OASIS

起終点駅 ターミナルのOASISのネタバレレビュー・内容・結末

起終点駅 ターミナル(2015年製作の映画)
2.9

このレビューはネタバレを含みます

愛する女性の死をきっかけに釧路にやって来た弁護士・完治が、それから25年後、過去の事件と同様に罪を犯した女性・敦子の弁護を再び引き受けようとする姿を描いた北海道出身の直木賞作家・桜木紫乃原作小説の映画化。
監督は「深呼吸の必要」などの篠原哲雄。

佐藤浩市と本田翼共演のヒューマンドラマ。
本田翼の演技は本作で初めて観たが、演技の事など全く分からない素人目線からしてもその棒読み具合が酷いと思えるほどのクオリティだった。
佐藤浩市の台詞量と本田翼の台詞量とはその差が2倍近くはあろうかというくらいで、安定の演技で深みを感じさせる佐藤浩市に対し、長台詞になると観ているこちら側まで不安になってしまうような本田翼のぎこちない演技が、映画の内容とは関係無い部分で目に付き過ぎる為集中できないという事態が起きていた。

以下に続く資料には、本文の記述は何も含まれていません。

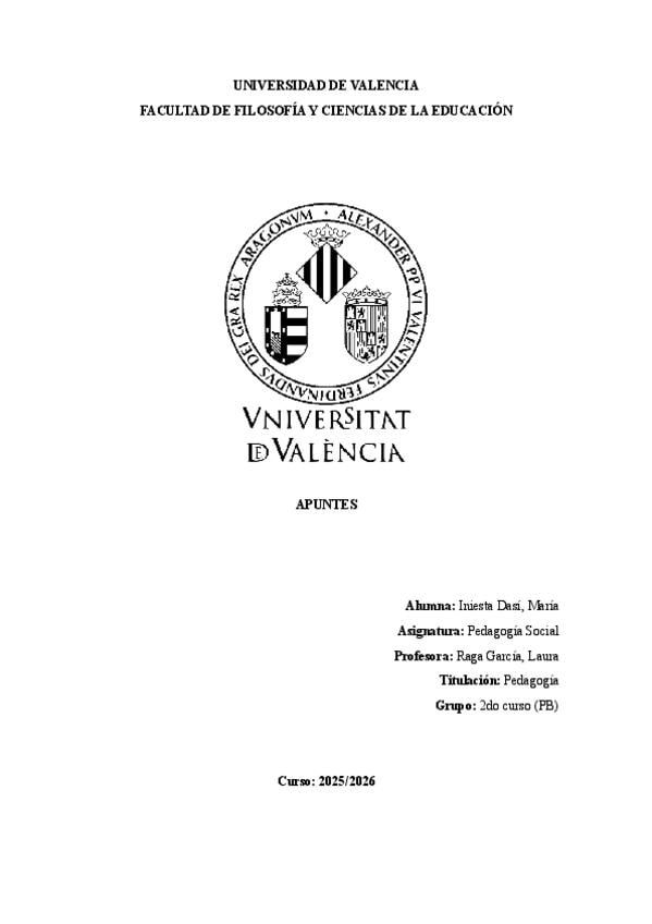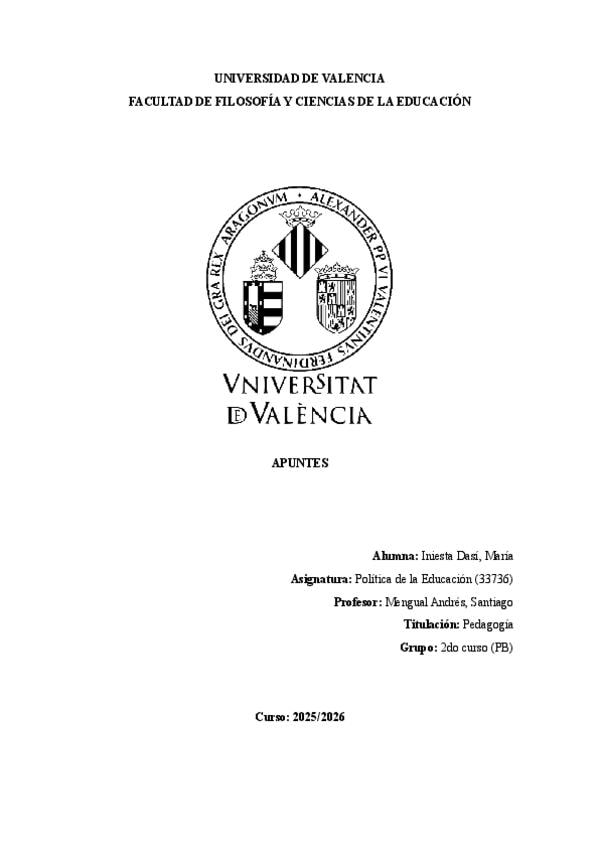Apuntes completos de la asignatura de Teoría de la Educación del 1er curso de Pedagogía en la Universitat de València.

若き日の佐藤浩市と尾野真千子との出会いと別れを描く前半は、役者の顔面をこれでもかとどアップで映し、しかもモノクロ映像で尾野真千子がこちらに向かって語りかけてくるので、プレミアムモルツのCMを観ているかのようだった。
それから舞台は現代に移るが、本田翼が登場した辺りから露骨に映画がチャラ付き始める。
ヤク中の彼氏を探すキャバクラ嬢という設定で、完治の懐に入って来る速度が早過ぎる事や、若干の育ちの悪さと図々しさを感じさせる痛々しいほどの若さの表現としては無礼気味な言葉遣いもまぁ可愛げがあると思える。

ただ、どうしても演技面での話にはなってしまうが、彼女の割と重めな設定が本田翼が演じる事により全く重さが感じられないものになってしまっていた。
明るめな場面ではいつも同じような笑顔、深刻な場面ではこれまた同じように俯いた顔とバリエーションが無さ過ぎて声にも抑揚がなく常に平坦だった印象。
役柄の重さを受けきれるだけの魅力があったかと言えば、確かに可愛いが、ただ可愛さだけが前面に押し出されていて当たり前だが尾野真千子ほどの情感も深みも感じられなかった。

本田翼が押しかけ女房みたいな役柄だったなら、もっと佐藤浩市との関係性に微笑ましさを感じられたのだが、そうなると彼女のキャラクターからして更に鬱陶しくなってしまうので、佐藤浩市の方が料理が上手くそれに習う形になっているのは賢明な判断かと思われる。
佐藤浩市の主婦顔負けの家事力に感心した本田翼が彼をお父さんに向けるような視線で見つめている姿はやはり可愛いし、上目遣い等に父性を刺激されてしまう部分があった。

唐揚げもといザンギが非常に美味しそうでお腹が鳴ったし、冷やし中華やイクラ丼がまた旨そうに撮られていて食欲をそそる。
それを食べる本田翼のアップになるとやはり不安を感じずにはいられないが、イクラ丼を涙目でかきこむ佐藤浩市の演技には思わずグッと来てしまう映画だった。